INPUT DATA section start

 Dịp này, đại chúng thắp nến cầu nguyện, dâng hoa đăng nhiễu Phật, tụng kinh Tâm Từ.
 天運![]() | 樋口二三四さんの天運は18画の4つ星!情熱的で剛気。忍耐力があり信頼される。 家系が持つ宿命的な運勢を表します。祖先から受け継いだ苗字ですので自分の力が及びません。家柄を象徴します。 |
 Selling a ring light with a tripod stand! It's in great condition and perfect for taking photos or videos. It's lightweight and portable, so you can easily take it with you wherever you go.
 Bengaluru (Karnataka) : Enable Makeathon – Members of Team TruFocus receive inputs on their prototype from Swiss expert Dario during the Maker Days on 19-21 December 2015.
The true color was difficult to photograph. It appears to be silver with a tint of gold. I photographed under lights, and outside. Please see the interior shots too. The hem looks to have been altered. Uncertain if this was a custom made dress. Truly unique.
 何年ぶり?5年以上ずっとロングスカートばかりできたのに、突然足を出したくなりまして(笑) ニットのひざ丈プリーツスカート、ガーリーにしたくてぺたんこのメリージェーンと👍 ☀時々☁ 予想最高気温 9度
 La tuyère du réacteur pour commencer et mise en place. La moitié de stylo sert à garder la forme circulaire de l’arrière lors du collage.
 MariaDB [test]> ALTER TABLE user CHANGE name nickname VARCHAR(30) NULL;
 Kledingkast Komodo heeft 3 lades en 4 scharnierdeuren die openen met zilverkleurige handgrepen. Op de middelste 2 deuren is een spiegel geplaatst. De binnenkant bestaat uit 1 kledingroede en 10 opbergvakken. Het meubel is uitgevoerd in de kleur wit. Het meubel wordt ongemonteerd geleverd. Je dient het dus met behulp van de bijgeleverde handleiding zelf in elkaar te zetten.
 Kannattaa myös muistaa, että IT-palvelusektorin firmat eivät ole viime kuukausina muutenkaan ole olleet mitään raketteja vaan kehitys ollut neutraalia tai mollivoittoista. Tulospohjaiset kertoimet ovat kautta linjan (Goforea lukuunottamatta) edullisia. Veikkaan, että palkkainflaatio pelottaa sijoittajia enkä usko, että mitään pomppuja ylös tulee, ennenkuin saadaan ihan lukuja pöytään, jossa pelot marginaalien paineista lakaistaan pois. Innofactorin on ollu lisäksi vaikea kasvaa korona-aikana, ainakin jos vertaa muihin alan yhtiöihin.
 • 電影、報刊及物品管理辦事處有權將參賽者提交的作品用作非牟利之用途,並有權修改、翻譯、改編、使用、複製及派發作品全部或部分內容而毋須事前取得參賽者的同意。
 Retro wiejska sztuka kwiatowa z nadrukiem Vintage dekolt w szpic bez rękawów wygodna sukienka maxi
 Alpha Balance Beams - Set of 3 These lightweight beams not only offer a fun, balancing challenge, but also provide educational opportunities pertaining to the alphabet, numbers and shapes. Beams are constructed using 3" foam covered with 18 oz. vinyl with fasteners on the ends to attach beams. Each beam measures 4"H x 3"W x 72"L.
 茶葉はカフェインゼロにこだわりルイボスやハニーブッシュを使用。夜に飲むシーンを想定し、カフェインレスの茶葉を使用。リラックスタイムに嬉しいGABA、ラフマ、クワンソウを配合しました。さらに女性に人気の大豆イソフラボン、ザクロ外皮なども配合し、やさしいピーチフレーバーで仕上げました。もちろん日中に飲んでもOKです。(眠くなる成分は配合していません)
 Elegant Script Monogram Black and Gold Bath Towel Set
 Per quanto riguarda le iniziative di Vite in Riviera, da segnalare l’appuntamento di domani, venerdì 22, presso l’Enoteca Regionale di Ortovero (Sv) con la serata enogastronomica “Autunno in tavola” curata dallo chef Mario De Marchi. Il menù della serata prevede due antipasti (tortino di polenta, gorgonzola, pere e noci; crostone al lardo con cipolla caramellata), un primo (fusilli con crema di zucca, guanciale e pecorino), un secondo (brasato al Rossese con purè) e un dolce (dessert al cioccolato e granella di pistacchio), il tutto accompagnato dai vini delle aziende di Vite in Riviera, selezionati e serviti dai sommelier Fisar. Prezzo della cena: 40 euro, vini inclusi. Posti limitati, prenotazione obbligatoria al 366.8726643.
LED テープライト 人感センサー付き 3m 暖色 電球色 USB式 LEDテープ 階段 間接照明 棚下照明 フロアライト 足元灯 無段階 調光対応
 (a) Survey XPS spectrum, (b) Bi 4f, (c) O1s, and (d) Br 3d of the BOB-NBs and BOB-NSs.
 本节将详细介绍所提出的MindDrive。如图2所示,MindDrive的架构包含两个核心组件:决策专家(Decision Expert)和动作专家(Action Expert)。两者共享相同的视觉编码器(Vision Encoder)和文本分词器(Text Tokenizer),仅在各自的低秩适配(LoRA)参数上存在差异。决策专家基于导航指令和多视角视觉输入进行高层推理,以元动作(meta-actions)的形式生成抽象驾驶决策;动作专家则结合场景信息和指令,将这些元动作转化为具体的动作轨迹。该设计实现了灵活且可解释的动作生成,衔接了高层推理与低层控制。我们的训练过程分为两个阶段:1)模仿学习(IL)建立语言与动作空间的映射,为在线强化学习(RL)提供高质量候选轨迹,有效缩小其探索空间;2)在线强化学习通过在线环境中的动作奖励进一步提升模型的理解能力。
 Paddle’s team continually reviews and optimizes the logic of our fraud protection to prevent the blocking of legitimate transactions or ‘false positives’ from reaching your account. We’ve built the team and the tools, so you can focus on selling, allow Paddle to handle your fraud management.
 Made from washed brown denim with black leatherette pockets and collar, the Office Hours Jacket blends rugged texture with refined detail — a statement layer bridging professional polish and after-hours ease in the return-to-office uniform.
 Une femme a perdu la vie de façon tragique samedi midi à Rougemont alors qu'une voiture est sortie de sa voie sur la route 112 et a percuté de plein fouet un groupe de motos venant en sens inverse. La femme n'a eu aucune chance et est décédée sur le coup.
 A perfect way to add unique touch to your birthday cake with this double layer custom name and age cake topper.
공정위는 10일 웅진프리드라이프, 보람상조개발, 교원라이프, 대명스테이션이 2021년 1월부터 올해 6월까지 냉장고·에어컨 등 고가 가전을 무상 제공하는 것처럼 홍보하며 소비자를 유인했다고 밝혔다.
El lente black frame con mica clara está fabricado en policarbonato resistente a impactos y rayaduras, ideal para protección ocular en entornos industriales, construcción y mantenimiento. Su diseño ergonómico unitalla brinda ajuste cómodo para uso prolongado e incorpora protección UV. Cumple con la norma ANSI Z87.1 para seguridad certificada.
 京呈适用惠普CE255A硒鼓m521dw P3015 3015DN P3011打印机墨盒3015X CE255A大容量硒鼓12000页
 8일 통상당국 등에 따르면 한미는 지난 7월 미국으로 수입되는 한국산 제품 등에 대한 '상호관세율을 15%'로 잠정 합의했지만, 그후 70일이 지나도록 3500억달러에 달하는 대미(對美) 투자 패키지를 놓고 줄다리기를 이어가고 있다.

INPUT DATA section end

Exactly as given, set down all of the lines above.

 Dịp này, đại chúng thắp nến cầu nguyện, dâng hoa đăng nhiễu Phật, tụng kinh Tâm Từ.
 天運![]() | 樋口二三四さんの天運は18画の4つ星!情熱的で剛気。忍耐力があり信頼される。 家系が持つ宿命的な運勢を表します。祖先から受け継いだ苗字ですので自分の力が及びません。家柄を象徴します。 |
 Selling a ring light with a tripod stand! It's in great condition and perfect for taking photos or videos. It's lightweight and portable, so you can easily take it with you wherever you go.
 Bengaluru (Karnataka) : Enable Makeathon – Members of Team TruFocus receive inputs on their prototype from Swiss expert Dario during the Maker Days on 19-21 December 2015.
The true color was difficult to photograph. It appears to be silver with a tint of gold. I photographed under lights, and outside. Please see the interior shots too. The hem looks to have been altered. Uncertain if this was a custom made dress. Truly unique.
 何年ぶり?5年以上ずっとロングスカートばかりできたのに、突然足を出したくなりまして(笑) ニットのひざ丈プリーツスカート、ガーリーにしたくてぺたんこのメリージェーンと👍 ☀時々☁ 予想最高気温 9度
 La tuyère du réacteur pour commencer et mise en place. La moitié de stylo sert à garder la forme circulaire de l’arrière lors du collage.
 MariaDB [test]> ALTER TABLE user CHANGE name nickname VARCHAR(30) NULL;
 Kledingkast Komodo heeft 3 lades en 4 scharnierdeuren die openen met zilverkleurige handgrepen. Op de middelste 2 deuren is een spiegel geplaatst. De binnenkant bestaat uit 1 kledingroede en 10 opbergvakken. Het meubel is uitgevoerd in de kleur wit. Het meubel wordt ongemonteerd geleverd. Je dient het dus met behulp van de bijgeleverde handleiding zelf in elkaar te zetten.
 Kannattaa myös muistaa, että IT-palvelusektorin firmat eivät ole viime kuukausina muutenkaan ole olleet mitään raketteja vaan kehitys ollut neutraalia tai mollivoittoista. Tulospohjaiset kertoimet ovat kautta linjan (Goforea lukuunottamatta) edullisia. Veikkaan, että palkkainflaatio pelottaa sijoittajia enkä usko, että mitään pomppuja ylös tulee, ennenkuin saadaan ihan lukuja pöytään, jossa pelot marginaalien paineista lakaistaan pois. Innofactorin on ollu lisäksi vaikea kasvaa korona-aikana, ainakin jos vertaa muihin alan yhtiöihin.
 • 電影、報刊及物品管理辦事處有權將參賽者提交的作品用作非牟利之用途,並有權修改、翻譯、改編、使用、複製及派發作品全部或部分內容而毋須事前取得參賽者的同意。
 Retro wiejska sztuka kwiatowa z nadrukiem Vintage dekolt w szpic bez rękawów wygodna sukienka maxi
 Alpha Balance Beams - Set of 3 These lightweight beams not only offer a fun, balancing challenge, but also provide educational opportunities pertaining to the alphabet, numbers and shapes. Beams are constructed using 3" foam covered with 18 oz. vinyl with fasteners on the ends to attach beams. Each beam measures 4"H x 3"W x 72"L.
 茶葉はカフェインゼロにこだわりルイボスやハニーブッシュを使用。夜に飲むシーンを想定し、カフェインレスの茶葉を使用。リラックスタイムに嬉しいGABA、ラフマ、クワンソウを配合しました。さらに女性に人気の大豆イソフラボン、ザクロ外皮なども配合し、やさしいピーチフレーバーで仕上げました。もちろん日中に飲んでもOKです。(眠くなる成分は配合していません)
 Elegant Script Monogram Black and Gold Bath Towel Set
 Per quanto riguarda le iniziative di Vite in Riviera, da segnalare l’appuntamento di domani, venerdì 22, presso l’Enoteca Regionale di Ortovero (Sv) con la serata enogastronomica “Autunno in tavola” curata dallo chef Mario De Marchi. Il menù della serata prevede due antipasti (tortino di polenta, gorgonzola, pere e noci; crostone al lardo con cipolla caramellata), un primo (fusilli con crema di zucca, guanciale e pecorino), un secondo (brasato al Rossese con purè) e un dolce (dessert al cioccolato e granella di pistacchio), il tutto accompagnato dai vini delle aziende di Vite in Riviera, selezionati e serviti dai sommelier Fisar. Prezzo della cena: 40 euro, vini inclusi. Posti limitati, prenotazione obbligatoria al 366.8726643.
LED テープライト 人感センサー付き 3m 暖色 電球色 USB式 LEDテープ 階段 間接照明 棚下照明 フロアライト 足元灯 無段階 調光対応
 (a) Survey XPS spectrum, (b) Bi 4f, (c) O1s, and (d) Br 3d of the BOB-NBs and BOB-NSs.
 本节将详细介绍所提出的MindDrive。如图2所示,MindDrive的架构包含两个核心组件:决策专家(Decision Expert)和动作专家(Action Expert)。两者共享相同的视觉编码器(Vision Encoder)和文本分词器(Text Tokenizer),仅在各自的低秩适配(LoRA)参数上存在差异。决策专家基于导航指令和多视角视觉输入进行高层推理,以元动作(meta-actions)的形式生成抽象驾驶决策;动作专家则结合场景信息和指令,将这些元动作转化为具体的动作轨迹。该设计实现了灵活且可解释的动作生成,衔接了高层推理与低层控制。我们的训练过程分为两个阶段:1)模仿学习(IL)建立语言与动作空间的映射,为在线强化学习(RL)提供高质量候选轨迹,有效缩小其探索空间;2)在线强化学习通过在线环境中的动作奖励进一步提升模型的理解能力。
 Paddle’s team continually reviews and optimizes the logic of our fraud protection to prevent the blocking of legitimate transactions or ‘false positives’ from reaching your account. We’ve built the team and the tools, so you can focus on selling, allow Paddle to handle your fraud management.
 Made from washed brown denim with black leatherette pockets and collar, the Office Hours Jacket blends rugged texture with refined detail — a statement layer bridging professional polish and after-hours ease in the return-to-office uniform.
 Une femme a perdu la vie de façon tragique samedi midi à Rougemont alors qu'une voiture est sortie de sa voie sur la route 112 et a percuté de plein fouet un groupe de motos venant en sens inverse. La femme n'a eu aucune chance et est décédée sur le coup.
 A perfect way to add unique touch to your birthday cake with this double layer custom name and age cake topper.
공정위는 10일 웅진프리드라이프, 보람상조개발, 교원라이프, 대명스테이션이 2021년 1월부터 올해 6월까지 냉장고·에어컨 등 고가 가전을 무상 제공하는 것처럼 홍보하며 소비자를 유인했다고 밝혔다.
El lente black frame con mica clara está fabricado en policarbonato resistente a impactos y rayaduras, ideal para protección ocular en entornos industriales, construcción y mantenimiento. Su diseño ergonómico unitalla brinda ajuste cómodo para uso prolongado e incorpora protección UV. Cumple con la norma ANSI Z87.1 para seguridad certificada.
 京呈适用惠普CE255A硒鼓m521dw P3015 3015DN P3011打印机墨盒3015X CE255A大容量硒鼓12000页
 8일 통상당국 등에 따르면 한미는 지난 7월 미국으로 수입되는 한국산 제품 등에 대한 '상호관세율을 15%'로 잠정 합의했지만, 그후 70일이 지나도록 3500억달러에 달하는 대미(對美) 투자 패키지를 놓고 줄다리기를 이어가고 있다.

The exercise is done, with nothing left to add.